Ne kadar keskin bakışları var tanımamak elde değil. Peki neden burada ve daha da önemlisi neden bana böyle bakıyor.

-Eliza, Moris' te kim?

-Daha önce küçük çocukların elinden kurtardığım sevimli bir kedi

Acaba sahibi de burada mı? Sahi kolye bir sonraki karşılaşmamızda yanında olsun demişti.  Aah harika çantamda hala. umarım takmadığımı görünce kırılmaz bana.  Neyse şimdi bir şekilde arkadaşlarımın yanından ayrılmam lazım.

- Rose, benim acil bir işim çıktı eve gitmem lazım. Diğerlerine de özrümü ilet lütfen söz başka zaman daha çok takılırız.

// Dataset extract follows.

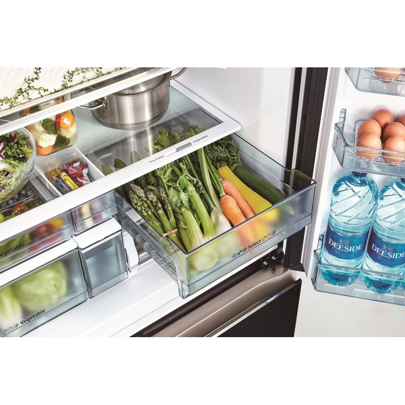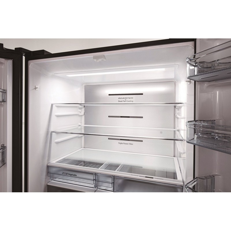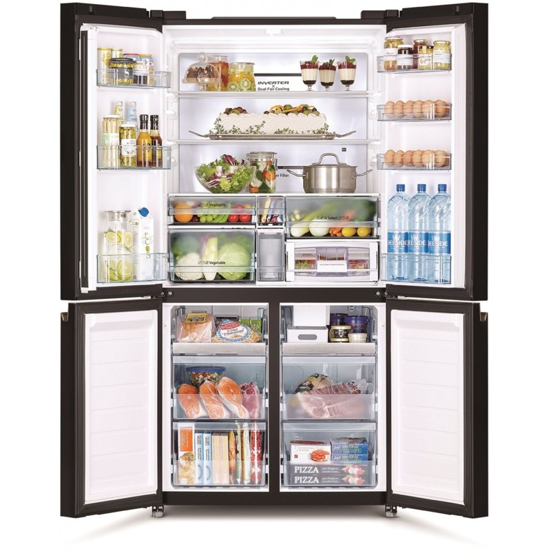 Hitachi Холодильник з нижн. мороз., 184x90х72, холод.відд.-372л, мороз.відд.-196л, 4дв., А+, NF, інв., зона нульова, вакуум, льодоген., чорний (скло)

- Offf Eliza hep erken eve gitmen gereken bir sebebin oluyor. Neyse diğerlerini ben halledirim . Sen git işine bak . Ama söz ver bir sonraki sefer böyle olmayacak.

- tabi ki! bir daha olmayacak çok sağol Rose

Evet Moris umarım kolyenin sahibi adam da yanındadır. Sanki beni takip et der gibi o bakışların bakalım kime götürüyorsun beni. Derinlere girmemiz bu koca ormanda pek hoş değil ama Moris'e nedense güveniyorum. O yanımdayken başıma kötü bir şey gelmesine izin vermez gibi geliyor.
Moris neden durdu yoksa sahibi burada mı? Evet orada bir adam var bu o olmalı ama önceki adamdan daha uzun gibi kim  bu?
-Merhaba Eliza , sonunda tanıştık.

Bu derin su yeşili gözler bu moris değil mi? Ama Moris yanımda öyleyse kim bu?
-Merhaba adımı nereden biliyorsunuz? (Ve neden seni tanıyor gibi hissediyorum)
- Görüyorum ki sana verilen kolyeyi çıkarmışsın Eliza. Oysa hiç çıkarmayacağına söz vermiştin.

Bunu nereden biliyor bu adam ve bu gözler neden bu kadar huzur dolu. Moris'i kaçıyor gözlerim sanki ondan bir onay bekler gibiyim. Moris onun yanına gidiyor ne hissettiğimi anlamış olmalı bu ne şimdi ona güvenmeli miyim Moris?
- Evet ama bunu siz nereden biliyorsunuz?
- Elize , ben Moris'in sahibiyim. Sana o kolyeyi verense benim babam .umarım açıklayıcı olmuştur.
-öyle mi bilmiyordum hemen kolyenizi size veriyorum bir dakika çantamda olacaktı. Biraz karışık ama kusura bakmayın bulacağım şimdi. Evet işte burada.
-Eliza bana izin verirsen sana bu kolyeyi takmak istiyorum.
- Ama neden ?
-Nedeni anlamak istiyor musun ? O zaman bu kolyeyi takmalısın çünkü sahibi sensin.
-Anlamıyorum!
-Eliza bana güveniyor musun?

Güvenmemem gerekiyor ama neden neden güveniyorum. Başımı öne sallayabilidim sadece ve o kadar naif bir şekilde kolyeyi taktı ki. Kolye nedense yine çizildi. Ama bu çok değişik bir yazı gibiydi anlamını bilmediğim. Ve galiba...

*****†********†**********†********†*****
Ve Eliza bayıldı inanamıyorum. Gerçekten bu gücü kaldıramayan biri mi seçilmiş! Ahh neyse, kollarımda yatan bir melek sanki, Eliza dan arada şüphe etsem de onun seçilmiş kişi olduğu çok bariz. Sadece bunu kaldıramayacak biri gibi duruyor inanılmaz hassas ve narin onu ilk tanıdığım günden beri gelen koruma isteği bu, onun seçilmiş kişi olup bu işlere karışmasını istemezdim. Üzgünüm Eliza, çok üzgünüm.